WORK INSTRUCTION
An exact copy of every entry is the answer here, with no pictures.

DATA FOR THIS EXERCISE START

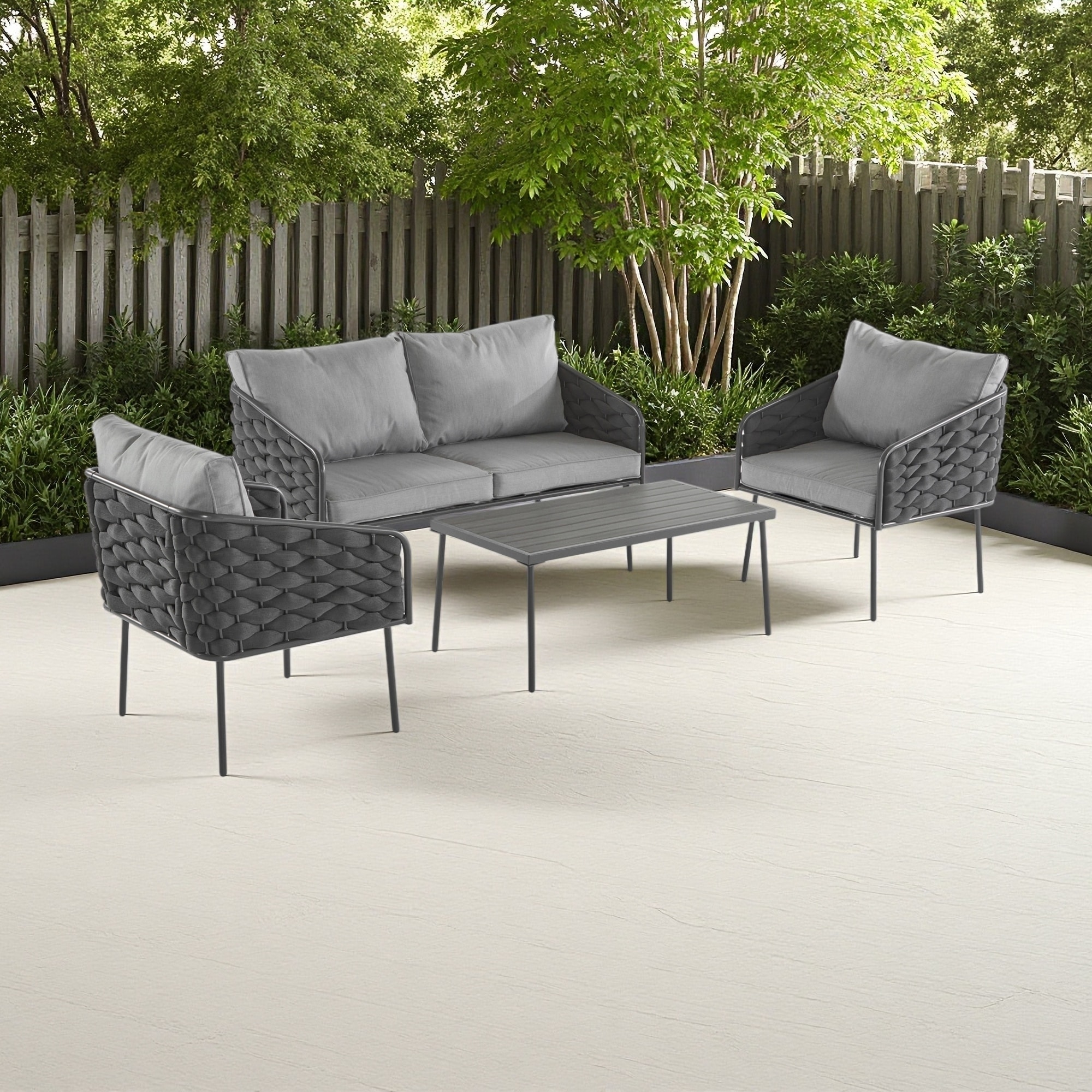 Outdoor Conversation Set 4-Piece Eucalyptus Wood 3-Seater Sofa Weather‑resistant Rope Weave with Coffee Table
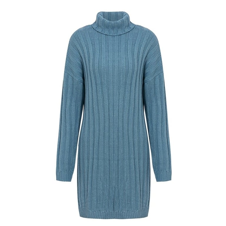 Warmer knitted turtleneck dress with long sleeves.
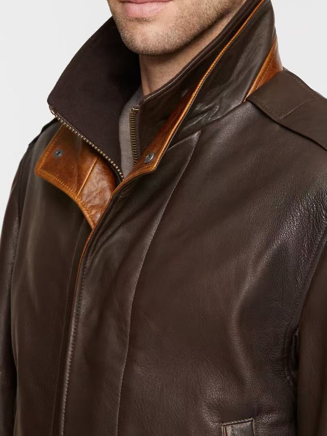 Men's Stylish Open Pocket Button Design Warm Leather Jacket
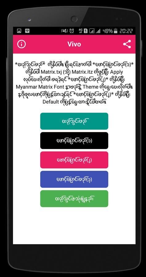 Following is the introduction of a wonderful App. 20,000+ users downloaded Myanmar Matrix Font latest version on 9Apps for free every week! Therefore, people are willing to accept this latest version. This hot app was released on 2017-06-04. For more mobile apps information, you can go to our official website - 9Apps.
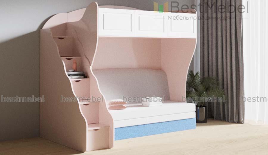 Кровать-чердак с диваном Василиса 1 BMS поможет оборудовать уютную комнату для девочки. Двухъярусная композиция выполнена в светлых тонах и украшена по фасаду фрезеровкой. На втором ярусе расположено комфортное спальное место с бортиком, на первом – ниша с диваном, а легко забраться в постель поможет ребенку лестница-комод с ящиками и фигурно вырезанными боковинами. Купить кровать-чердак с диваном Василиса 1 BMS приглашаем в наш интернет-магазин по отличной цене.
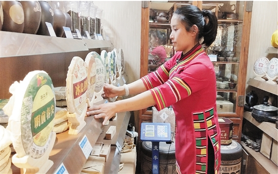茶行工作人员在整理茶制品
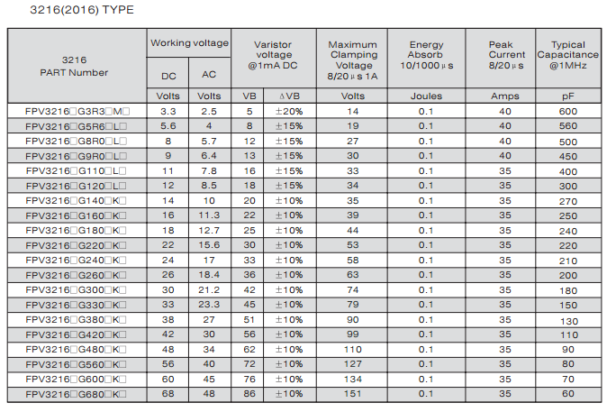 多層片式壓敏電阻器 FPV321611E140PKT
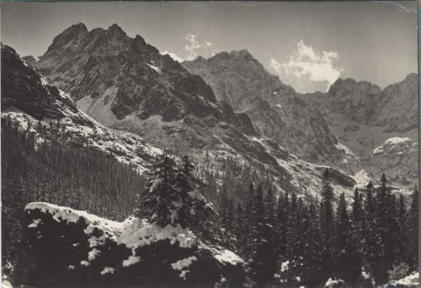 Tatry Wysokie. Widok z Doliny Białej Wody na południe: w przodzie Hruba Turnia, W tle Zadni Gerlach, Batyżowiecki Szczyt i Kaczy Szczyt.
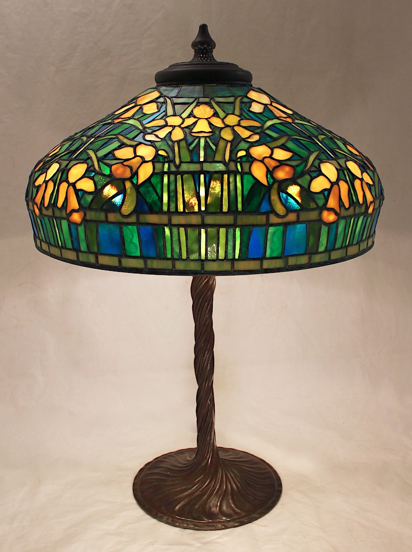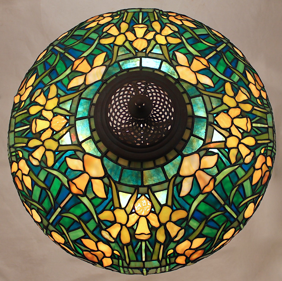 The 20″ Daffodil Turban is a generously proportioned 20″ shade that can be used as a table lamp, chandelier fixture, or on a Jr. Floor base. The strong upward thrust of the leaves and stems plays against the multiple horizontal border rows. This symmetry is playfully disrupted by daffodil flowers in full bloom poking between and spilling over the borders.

DATA FOR THIS EXERCISE END

EXERCISE RESULT
 Outdoor Conversation Set 4-Piece Eucalyptus Wood 3-Seater Sofa Weather‑resistant Rope Weave with Coffee Table
 Warmer knitted turtleneck dress with long sleeves.
 Men's Stylish Open Pocket Button Design Warm Leather Jacket
 Following is the introduction of a wonderful App. 20,000+ users downloaded Myanmar Matrix Font latest version on 9Apps for free every week! Therefore, people are willing to accept this latest version. This hot app was released on 2017-06-04. For more mobile apps information, you can go to our official website - 9Apps.
 Кровать-чердак с диваном Василиса 1 BMS поможет оборудовать уютную комнату для девочки. Двухъярусная композиция выполнена в светлых тонах и украшена по фасаду фрезеровкой. На втором ярусе расположено комфортное спальное место с бортиком, на первом – ниша с диваном, а легко забраться в постель поможет ребенку лестница-комод с ящиками и фигурно вырезанными боковинами. Купить кровать-чердак с диваном Василиса 1 BMS приглашаем в наш интернет-магазин по отличной цене.
茶行工作人员在整理茶制品
 多層片式壓敏電阻器 FPV321611E140PKT
 Tatry Wysokie. Widok z Doliny Białej Wody na południe: w przodzie Hruba Turnia, W tle Zadni Gerlach, Batyżowiecki Szczyt i Kaczy Szczyt.
 The 20″ Daffodil Turban is a generously proportioned 20″ shade that can be used as a table lamp, chandelier fixture, or on a Jr. Floor base. The strong upward thrust of the leaves and stems plays against the multiple horizontal border rows. This symmetry is playfully disrupted by daffodil flowers in full bloom poking between and spilling over the borders.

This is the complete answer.